- **TASK**
Skip the images and print the listing exactly.

MATERIAL PROVIDED: Begin

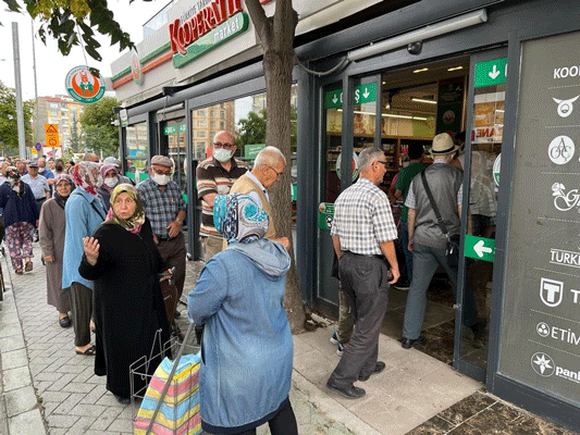 Eskişehir’de Tarım Kredi Kooperatif Marketi önünde indirimli ürünler için günün erken saatlerinde uzun kuyruklar oluşurken, vatandaşlar arasında zaman zaman sıra tartışmaları yaşandı.
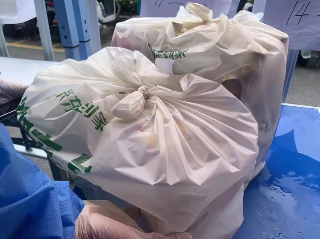 在確保嚴(yán)格落實(shí)小區(qū)防疫管控要求的同時(shí),海珠片區(qū)王倩總親自帶領(lǐng)海玥團(tuán)隊(duì)小伙伴奮戰(zhàn)前線,合力抗疫,給予各位業(yè)戶家人般的守護(hù)。全員出動,當(dāng)起了送貨上門的“分揀員”和“配送員”,分批負(fù)責(zé)1200+戶一日三餐的外賣配送和快遞、藥品代購代送和寵物照護(hù)等服務(wù)。這幾日氣溫高達(dá)30度,小伙伴們身著隔離服、戴著防護(hù)面罩、N95口罩和醫(yī)用手套,外賣分類裝手推車運(yùn)至大堂、按樓層單元號上門配送,不停來回奔走在樓棟與樓層之間,只有趁等電梯的時(shí)間稍作歇息,又繼續(xù)投入服務(wù)。甚至還有管家不惜瘸著痛風(fēng)的腿仍在運(yùn)送快遞,所有人的衣服都是濕透了干,干了又濕,卻依然堅(jiān)持奔走在工作崗位上。
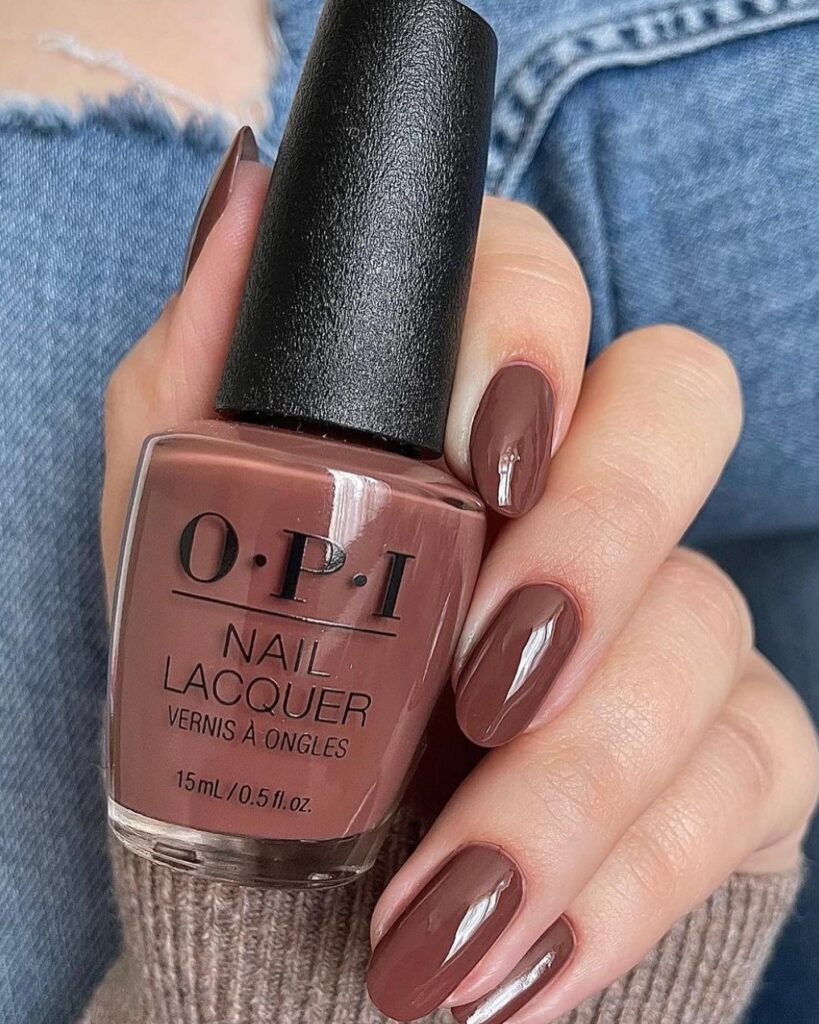 This stunning espresso brown nail polish gives a polished, sleek look with its rich, deep hue. Paired with a glossy finish, it’s perfect for any season, adding warmth and sophistication to your nails. The OPI shade shown here is ideal for those looking to make a subtle yet stylish statement with their manicure.

MATERIAL PROVIDED: End

- **COMPLETED EXERCISE**
 Eskişehir’de Tarım Kredi Kooperatif Marketi önünde indirimli ürünler için günün erken saatlerinde uzun kuyruklar oluşurken, vatandaşlar arasında zaman zaman sıra tartışmaları yaşandı.
 在確保嚴(yán)格落實(shí)小區(qū)防疫管控要求的同時(shí),海珠片區(qū)王倩總親自帶領(lǐng)海玥團(tuán)隊(duì)小伙伴奮戰(zhàn)前線,合力抗疫,給予各位業(yè)戶家人般的守護(hù)。全員出動,當(dāng)起了送貨上門的“分揀員”和“配送員”,分批負(fù)責(zé)1200+戶一日三餐的外賣配送和快遞、藥品代購代送和寵物照護(hù)等服務(wù)。這幾日氣溫高達(dá)30度,小伙伴們身著隔離服、戴著防護(hù)面罩、N95口罩和醫(yī)用手套,外賣分類裝手推車運(yùn)至大堂、按樓層單元號上門配送,不停來回奔走在樓棟與樓層之間,只有趁等電梯的時(shí)間稍作歇息,又繼續(xù)投入服務(wù)。甚至還有管家不惜瘸著痛風(fēng)的腿仍在運(yùn)送快遞,所有人的衣服都是濕透了干,干了又濕,卻依然堅(jiān)持奔走在工作崗位上。
 This stunning espresso brown nail polish gives a polished, sleek look with its rich, deep hue. Paired with a glossy finish, it’s perfect for any season, adding warmth and sophistication to your nails. The OPI shade shown here is ideal for those looking to make a subtle yet stylish statement with their manicure.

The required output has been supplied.